Arsenal: Wenger says Fifa and Uefa will ruin the English game

24 September 2009 | By Adam Fraser

Arsene Wenger, coach of English soccer club Arsenal, has spoken out against Fifa and Uefa's plans to further limit the movements of young players, warning that the regulations, combined with the English FA's rules, will make it impossible for clubs to develop young talent.

"We are being rewarded for our youth policy over the years, but with the new rules coming in, it will make that policy virtually impossible," said Wenger, after Arsenal's young players beat West Bromwich Albion in the League Cup.

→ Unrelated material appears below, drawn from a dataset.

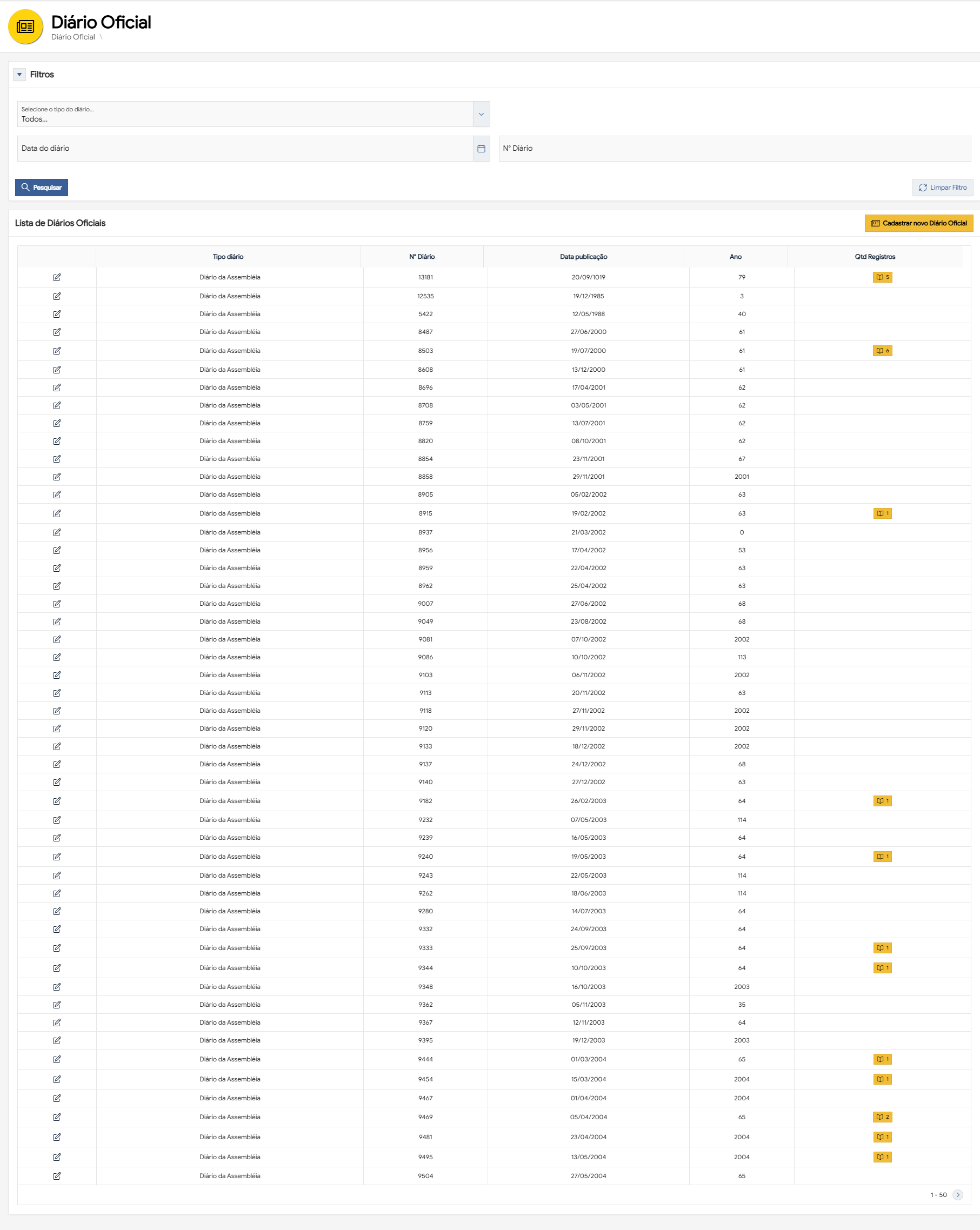 | Lista de diários oficiais | Tabela | Exibe todos os registros GREG e Legados encontrados para os critérios informados na pesquisa, apresentando informações organizadas nas colunas: Tipo diário, Nº diário, Data de publicação, Ano, Qtde de registros. | |||

"If you cannot add any players under the age of 18, and on top of that English clubs are limited to bringing in young players who live less than 90 minutes from the training ground, how can we produce home-grown players? It's vital that this rule is not implemented because English clubs would have a domestic limitation and a foreign limitation, making it harder to produce home-grown players.

"In England we accumulate disadvantages. We cannot buy outside our 90-minute radius. We cannot take a player from Asia, North or South America, Africa, Serbia or Croatia, who are not EU."

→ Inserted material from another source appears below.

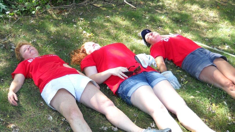Caption: Nancy Watson, Branch Supervisor of FSB’s Boscawen office, Michelle Swift, ATM/Debit Card Specialist, and Linda Congdon, Commercial Lending Assistant, take a much needed break after a day of clearing brush at Webster Place in Franklin during GUW’s Merrimack County Day of Caring event.
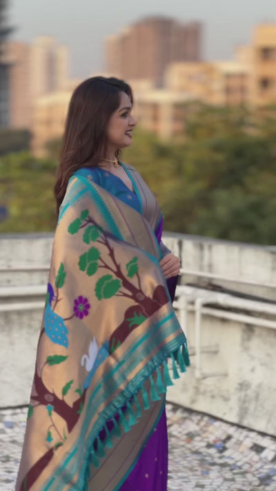 This exquisite Violet Purple Zari Woven Paithani Saree is a celebration of timeless tradition and royal craftsmanship. Adorned with delicate gold zari small motifs spread gracefully across the body, it exudes subtle luxury and charm. The highlight of the saree is its rich contrast woven Swan meenakari fancy Paithani pallu, showcasing intricate artistry and vibrant detailing. Finished with a classic traditional border and paired with a matching contrast brocade blouse as shown, this saree is perfect for weddings, festive occasions, and grand celebrations.

Wenger has also expressed concern that the strength of the euro against the pound and the rising tax rates in the UK will make it more difficult to attract top-class players to the Premier League.

"What can we do?" he asked. "We can only pray that somebody next to London Colney is as gifted as Maradona and says, 'Can I play for you?' We want to be the best league in the world and that is why we have to open the doors to the best players. The first signs, with Ronaldo and Kaká going to Spain, are not very good for us."